台湾の選択

(中)「韓粉」が映す社会の分断 ネットが拍車

台湾総統選に敗れ、敗戦の弁を述べる国民党の韓国瑜・高雄市長(右から4人目)=11日、高雄市(共同)
台湾総統選に敗れ、敗戦の弁を述べる国民党の韓国瑜・高雄市長(右から4人目)=11日、高雄市(共同)

 「再集計、再集計だ!」

 台湾の最大野党、中国国民党の総統候補、韓国瑜(かん・こくゆ)高雄市長が11日深夜、敗戦の弁を述べると、選挙結果に激高した支持者から大声が上がった。史上最多817万票で当選した蔡英文(さい・えいぶん)総統と韓氏との差は265万票、得票率は18・5ポイントの大差がついた。それでも熱狂的な「韓粉(韓ファン)」は納得しなかった。
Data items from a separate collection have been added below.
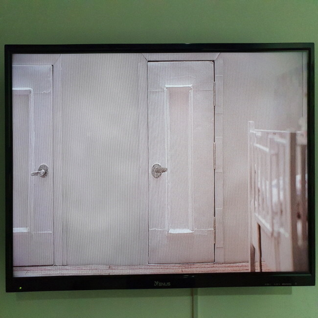 이번 전시에서 가장 인상 깊었던 작품, 마치 한 편의 공포영화를 보는 것 같았다. 보이지 않는 미지의 존재에게서 느끼는 두려움과 불안감. 영상 속의 시선은 타국의 유령처럼 느껴진다. 앞서 말했듯 우리 인간이 보이지 않는 존재를 얼마나 두려워하는지 느낄 수 있었다. 어쩌면 두려움과 불안은 내면에서부터 생기는데, 그 내면조차 내 눈에는 보이지 않으니 말이다.
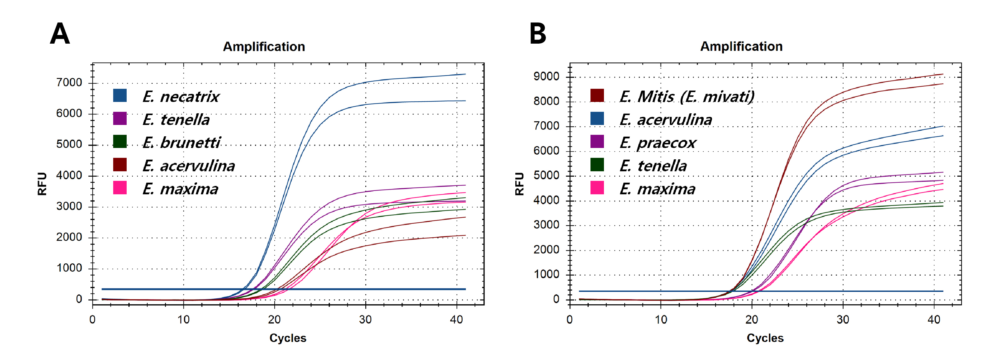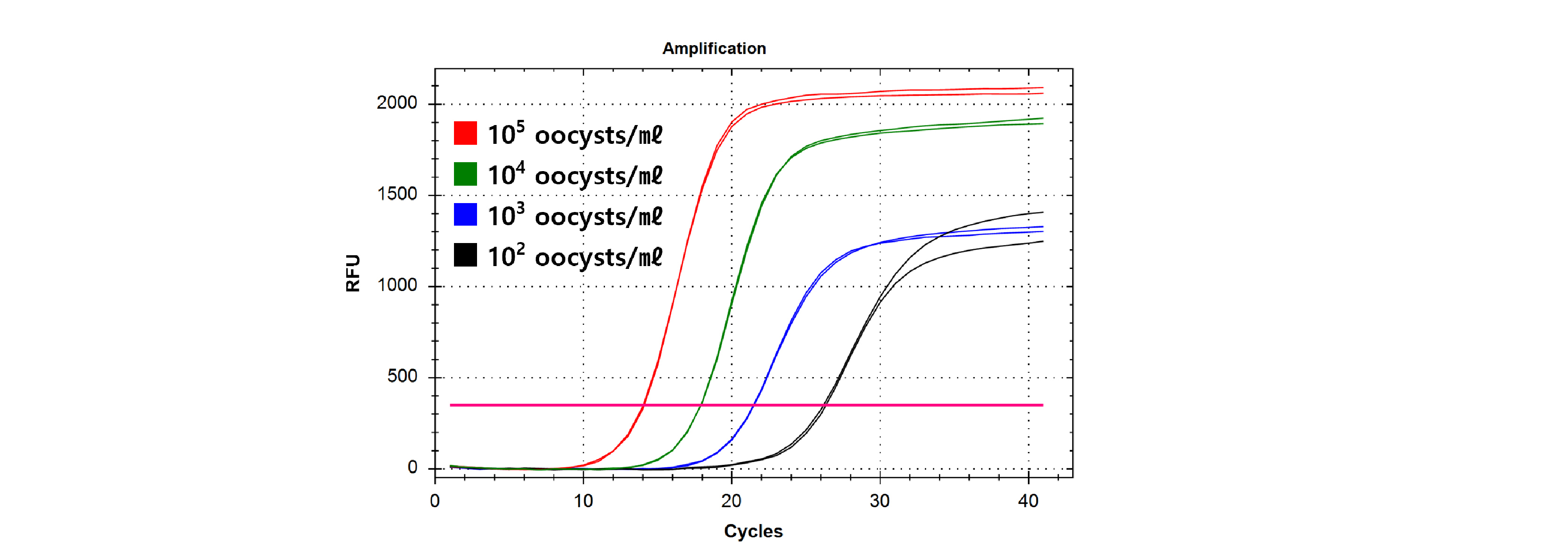 The collected oocysts of Eimeria spp. were used to spike other oocyst-free chicken feces to give final concentrations of 105, 104, 103, 102 oocytes/㎕. Oocyst DNA in fecal samples were extracted using Protozoan Oocysts/Cysts DNA Extraction Kit (INOT110) and analyzed by quantitative PCR (Opti™ Ei-qPCR, AVPS-010)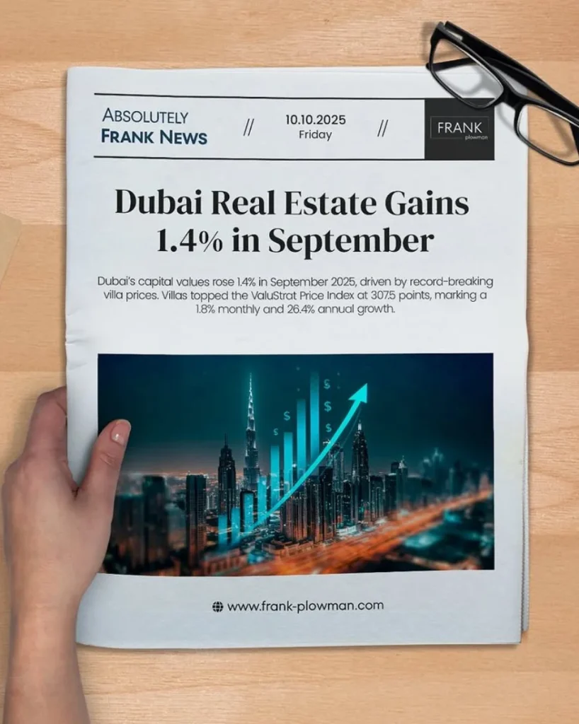 Dubai’s property market just hit another high! Capital values rose 1.4% in September, with luxury villas leading the growth.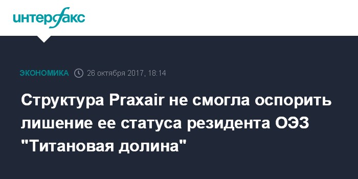 Екатеринбург. 26 октября. ИНТЕРФАКС - ООО "Праксайр Титановая долина" не смогло оспорить решение суда первой инстанции о лишении компании статуса резидента особой экономической зоны (ОЭЗ) "Титановая долина" и назначении штрафа в 5 млн рублей. Об этом говорится в материалах Семнадцатого арбитражного апелляционного суда (Пермь).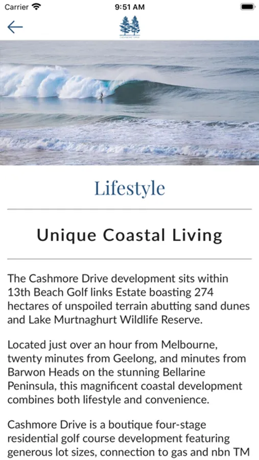 Cashmore Community is a residential estate within the 13th Beach golf & residential community located in Barwon Heads Victoria. It incorporates approximately 130 residential properties and a 9 hole private golf course and golf academy. This app provides owners within the 13th Beach Cashmore Community with all of the latest information and access to documentation for their community.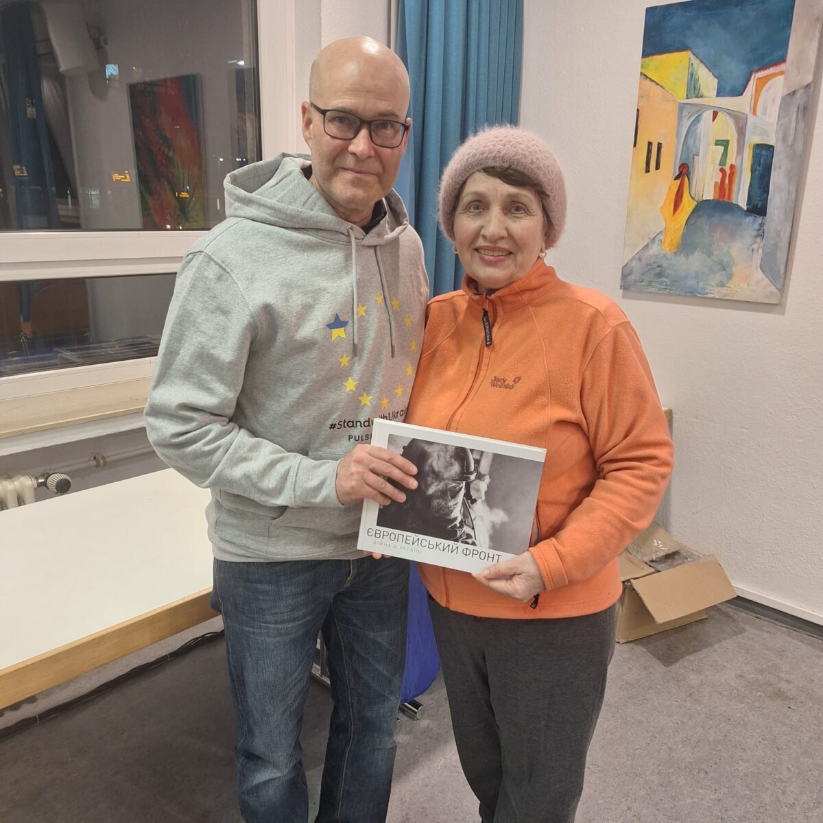Після офіційної частини, було неформальне спілкування біля столика, на якому лежали книжки Тіля Маєра. Це вже сьоме його надбання. «Європейський фронт. Війна в Україні» – таку назву носить книга, яка розповідає читачам про Бахмут, Авдіївку, Одесу, Херсон, Миколаїв, Київ, Черкаси, Куп’янськ, Кремінну та інші міста і села, де фотокамера невтомного майстра фіксувала злочини рашистів проти мирного населення, позбавлення нормального життя: зиму в підвалах, життя у квартирах і будинках без опалення, без світла і води. Все це показано через емоції постраждалих людей, чиї життя сколихнула війна. Прагнення познайомити європейців з Україною досягає своїх цілей, показуючи, що у центрі Європи йде повномасштабна, кривава війна. Проте Тілль висловив свою точку зору – допомога від Європи недостатня для тих, хто став щитом на дорозі війни. Платиться дуже дорога ціна – життям українців.

当局は暴動に備え、多数の警察官を配備していた。

 韓粉は推計120万~300万人。昨年春の予備選中、韓氏が全土で開いた集会に特定の6万人が毎回、参加していたとの分析もある。戦後に中国大陸から台湾に来た「外省人」のうち、退役軍人や公務員、低所得者が多いとされる。